**WHAT THE TASK ASKS**: Restate exactly the lines of the entries below, beginning with the first and ending with the line that holds "カレーリーフ(生):「カレー". Pictures are not copied.

**INFORMATION PROVIDED**:
━━━━━━━━━━
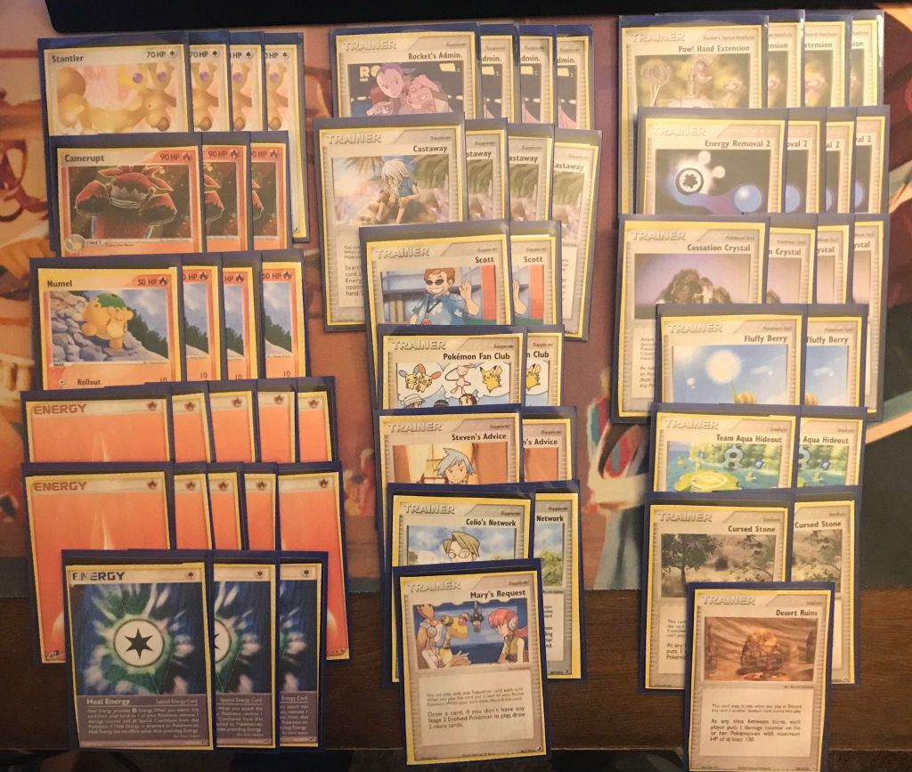 | 4 Stantler 3 Camerupt 4 Numel | 4 Rocket’s Admin. 4 Castaway 2 Scott 2 Pokemon Fan Club 2 Steven’s Advice 2 Celio’s Network 1 Mary’s Request 4 Pow! Hand Extension 4 Energy Removal 2 4 Cessation Crystal 2 Fluffy Berry 2 Team Aqua’s Hideout 2 Cursed Stone 1 Desert Ruins | 10 Fire Energy 3 Heal Energy |
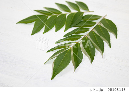 カレーリーフ(生):「カレーノキ」の葉のこと。インドなどでスパイスとして使用される
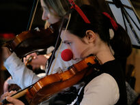 Nach diesem Klangerlebnis folgte ein besinnlicher Teil, in dem der Unterstufenchor, ebenfalls geleitet von Barbara Kupfer-Baumert, traditionelle Advents- und Weihnachtslieder (Hört der Engel helle Lieder, Fröhliche Weihnacht überall) vortrug und durch seinen harmonischen Gesang bei den Zuschauern eine andächtige und adventliche Stimmung erzeugte. Beide Chöre wurden virtuos von den Musiklehrerinnen Stephanie Schwarz am Klavier und Nadezhda Ivanova-Pittner am Cello begleitet.
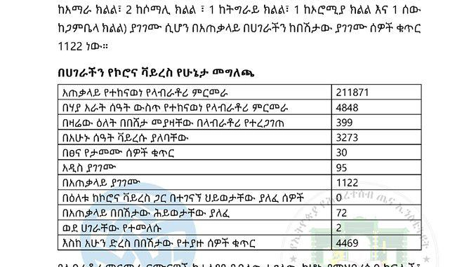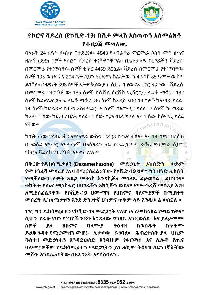 Ministeerri Fayyaa Ityoophiyaa ibsa har’a baaseen, sa’aatii 24 darbe keessatti qorannoo laabratoorii 4,848 geggeesseen, nama 399 irratti vaayirasiin koroonaa argamuu beeksise. Haaluma kanaan biyyattii keessatti lakkoofsi namoota vayirasichaan qabamuu mirkanaayee 4,469 gahee jira.
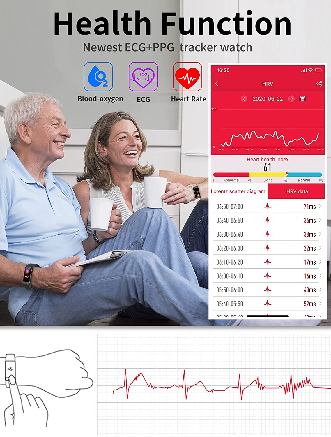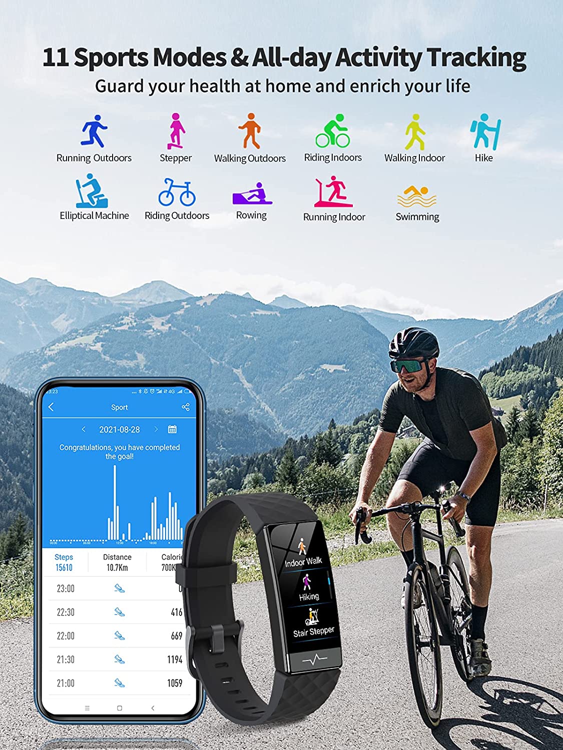 • QOOGOT Fitness Tracker, Activity Tracker with Blood Oxygen SpO2 Heart Rate Sleep Monitor for Men Women,Waterproof Health Watch with HRV Pedometer Calorie Counter Compatible with Android iPhone
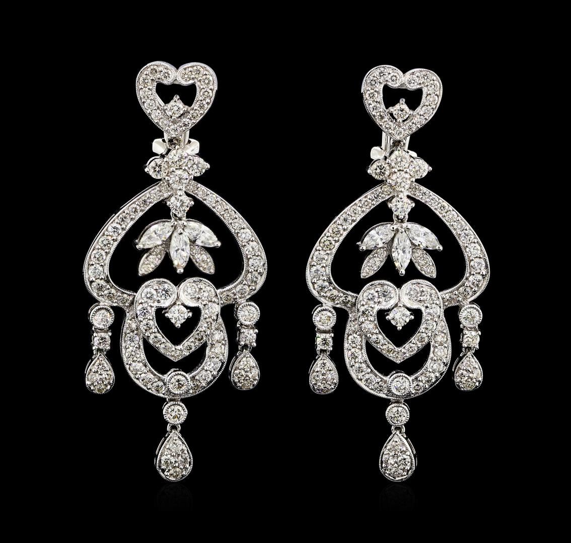 One pair electronically tested 18KT white gold lady's combination cast & assembled chandelier earrings with Omega clip backs with posts with a bright polish with milgrain detailing finish. The featured lady's earring have a dangle measuring 56 millimeters. Identified with markings of '18K'. Condition is new, good workmanship. Containing: Six prong set marquise shaped cut diamonds, measuring 5.40 x 2.70 x 1.70mm (depth est.) approximate total weight of 6 Stones = 0.84ct. Graded in the setting. Color H - I Clarity VS-2 to SI-1 Cut Very Good Twenty-Six bezel set round brilliant cut diamonds, measuring 2.60 - 2.50 x 1.58mm (depth est.) approximate total weight of 26 Stones = 1.63ct. Graded in the setting. Color H - I Clarity VS-2 to SI-1 Cut Very Good One Hundred Sixty-Four prong set round brilliant cut diamonds, measuring 2.00 - 1.60 x 1.08mm (depth est.) approximate total weight of 164 Stones = 2.96ct. Graded in the setting. Color H - I Clarity VS-2 to SI-1 Cut Very Good. Total Weight of Diamonds 5.43ct.. Total Weight of Earrings 21.60gm GAS Appraised at $19485.00. GAS Appraised at $19,485.00.
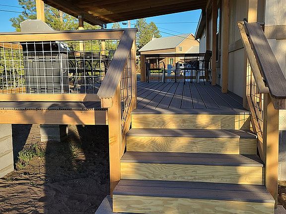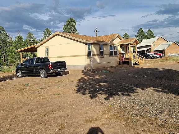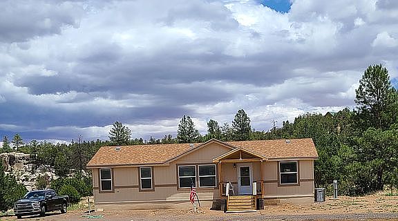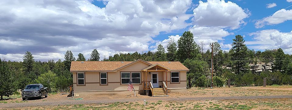 This is Horse Property with a brand new 6 stall metal horse barn, 12x12 feed and tack shed and a 12x12 tool shed. It is half fenced for turnout and has a round-pen. The previous 2 br2 bath summer home has been pulled out and has been replaced with a brand new Cavco Durango 3br 2 bath double wide. The manufactured home was delivered and set in Oct 2021. I have added a 6x10 covered front porch and a 12 x 21 covered back deck. The property backs up to Buckskin Canyon wash and has a beautiful view from the back deck of the wash and pine trees along it.
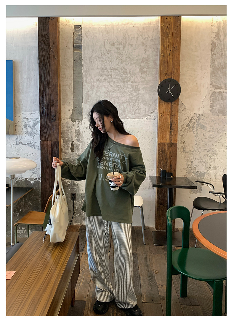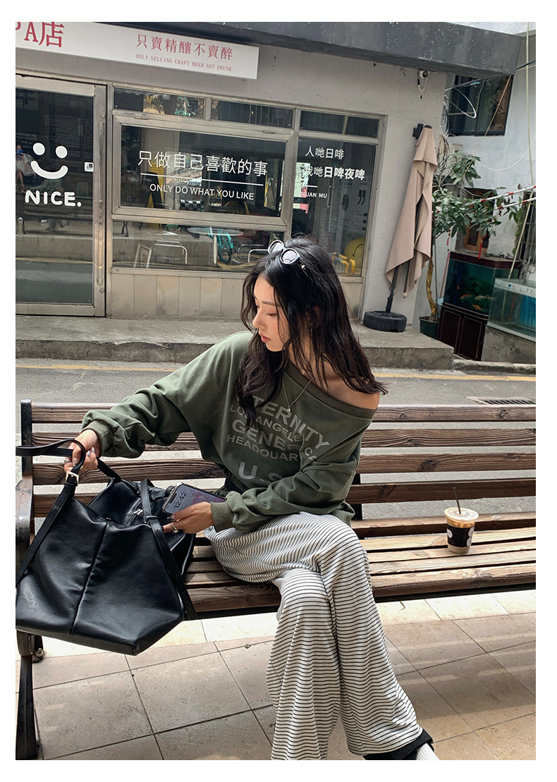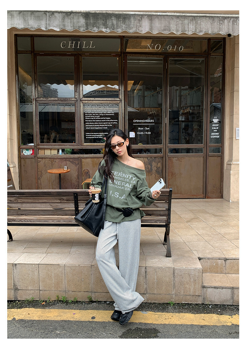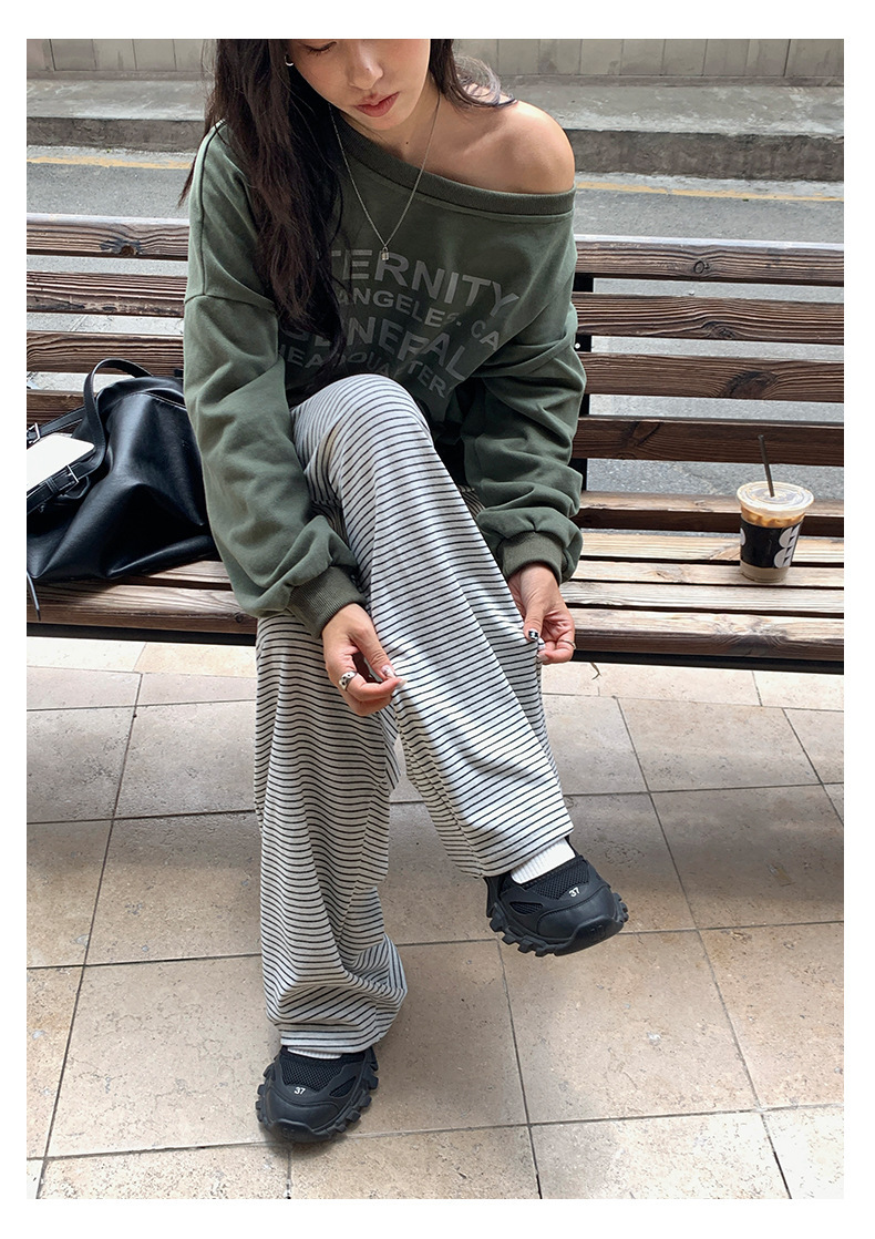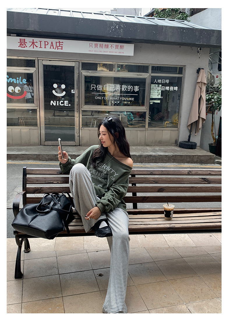 *o-ha-you*【FHZH1GB5030812】慵懶風條紋抽繩闊腿褲早秋鬆緊腰休閒褲寬鬆直筒褲
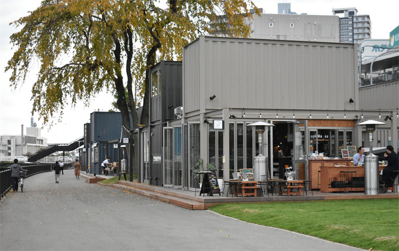 這是位于日本紀(jì)實(shí)市的城市一角,通過(guò)在工廠中預(yù)設(shè),快速在河畔旁落成一個(gè)集裝箱建筑群,作為休閑園區(qū),是為改善現(xiàn)有的紀(jì)實(shí)市Ryokuchi地區(qū)環(huán)境而建立的,為附近居民們提供豐富多樣的生活?yuàn)蕵?lè)方式。
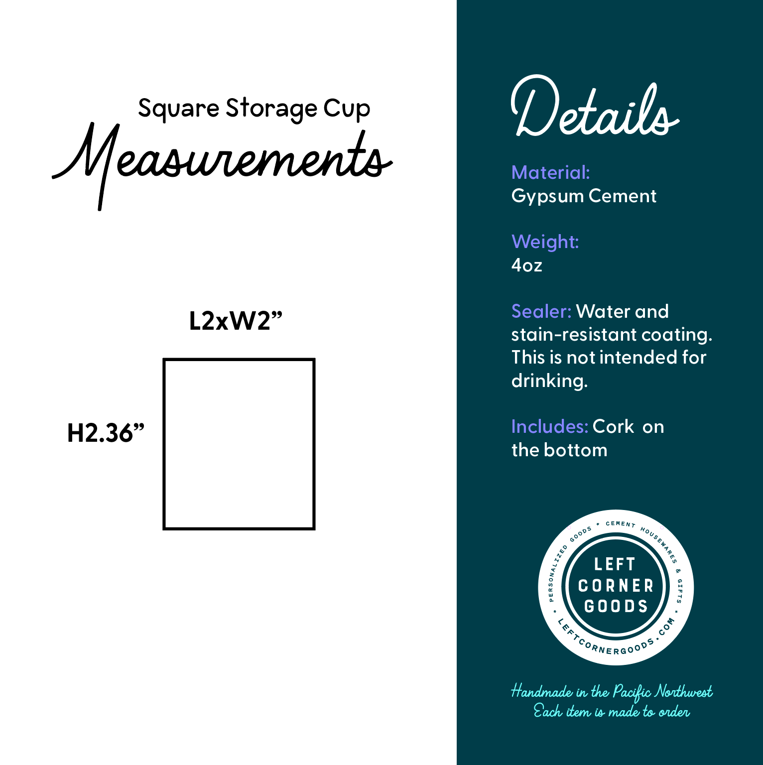 Description: This multipurpose, handmade concrete square vessel, pen pot, or storage cup can be used for toothbrushes, pens/pencils, coffee stir sticks, makeup brushes, air plants, small flowers, and much more. Pair it with our bathroom or desk accessories for a full set.
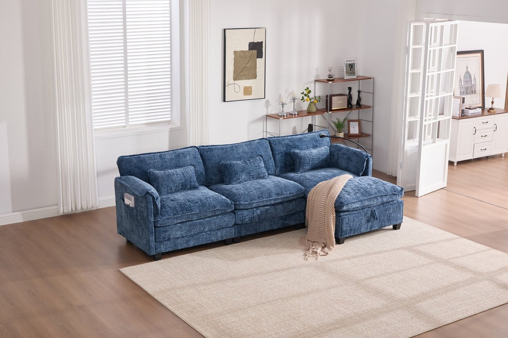 Enjoy movie nights, family gatherings, or solo relaxation with this oversized modular sectional designed for comfort, durability, and everyday convenience. Upholstered in soft, wear-resistant chenille, the sofa combines high-resilience foams, springs, and a solid wood frame to deliver long-lasting support. Thoughtful extras — a movable storage ottoman, dual side pockets, a detachable phone holder, and both USB and Type-C charging ports — keep essentials close and devices powered for uninterrupted leisure.
━━━━━━━━━━
**WRITTEN REPLY**:
 | 4 Stantler 3 Camerupt 4 Numel | 4 Rocket’s Admin. 4 Castaway 2 Scott 2 Pokemon Fan Club 2 Steven’s Advice 2 Celio’s Network 1 Mary’s Request 4 Pow! Hand Extension 4 Energy Removal 2 4 Cessation Crystal 2 Fluffy Berry 2 Team Aqua’s Hideout 2 Cursed Stone 1 Desert Ruins | 10 Fire Energy 3 Heal Energy |
 カレーリーフ(生):「カレーノキ」の葉のこと。インドなどでスパイスとして使用される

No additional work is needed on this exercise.